Harrington, a leading theatrical projection designer, has collaborated successfully with MCB on “A Midsummer Night’s Dream” (2016), “The Fairy’s Kiss” (2017), “The Nutcracker” (also in 2017), and “Firebird” in February of this year.
“This will be a slightly different version than the one you see at the Arsht,” López says. “First, it’s a multimedia performance, meaning the production will have video, animation, projections, and live dancing. All of Act II will be danced live, and some sections of Act I will be live as well.
“While I don’t want to reveal too much about where the production will take place, I promise it will still be a winter holiday performance, but winter down south!”
Q: Could it be considered a concert version?
“No!! This is the full ballet, all two acts. Nothing has been taken out of the ballet. In fact, the George Balanchine Trust, which licenses his works, would never allow us to take anything out or put anything in. It’s the same music, the same choreography, the same artistic sequencing of scenes. One way to look at it is that the scenes with many participants, specifically in Act 1, won’t be live but video,” López says. “And the special effects are even more spectacular because of the LED back wall. The set designs will be projected onto the LED back wall, and they will be visible from far away because they will be larger and brighter. Those living in apartment buildings across Doral Park will be able to sit on their terrace or stick their heads out a window and will still see a wonderful, magical and live performance right from their homes! And because of animation, we can now tell more of the story of ‘Nutcracker.’ For example, we can show you how Marie and the Prince got to the Land of Sweets in Act II. And, since I know everyone wants to know, the Tree still grows!”
Q: What have you learned from this project?
“I’ve learned so, so much,” López says. “First, it’s taught me that when a work is great, it remains timeless. Concerning our dancers, school and company, I’ve learned that all of us understand the responsibility we have as artists to regularly and consistently deliver beauty and hope. We are here for no other reason than to lift the human spirit. But the most important thing I’ve learned has to do with the community, with family. This ‘Nutcracker’ is happening because a Miami community came together to provide beauty and hope to its citizens.”
Addressing the safety measures implemented, Codina describes enhanced, comprehensive health and safety protocols that “will be followed and strictly enforced to safeguard all.

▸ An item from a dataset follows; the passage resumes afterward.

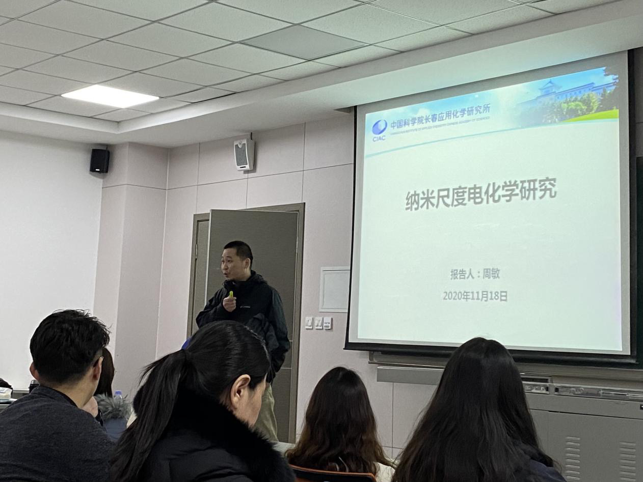 长春应用化学所(以下简称应化所)教育处刘靖宇处长、邢晶老师、周敏研究员,为同学们讲解中科院系统的保研、考研相关资讯。

Daily COVID testing to our dancers, artistic staff and production crew will be provided by our health sponsor, Baptist Health South Florida. Required masks, social distancing standards, minimal to no-contact entry, and other health and safety measures in coordination with Baptist Health South Florida and local authorities will be strictly enforced for the safety of all.”
Additionally, guests will be seated in socially distanced pods, or separate sections of lawn that can accommodate a maximum of four people. Guests can select a chair module or a blanket module. In the chair sections, chairs will be provided. In the blanket sections, guests must bring their own blankets for seating.
WHAT: “George Balanchine’s The Nutcracker in the Park”
WHEN: Dec. 18-31, with an opening night dedicated to and exclusively for first-responders and essential workers fighting COVID-19.
WHERE: Downtown Doral Park, 8395 NW 53rd St.
COST: All tickets are sold as pods and cost from $120-$285, depending on the section and the date. All tickets include free parking. Tickets for the opening performance on Friday, 12/18, are sold out.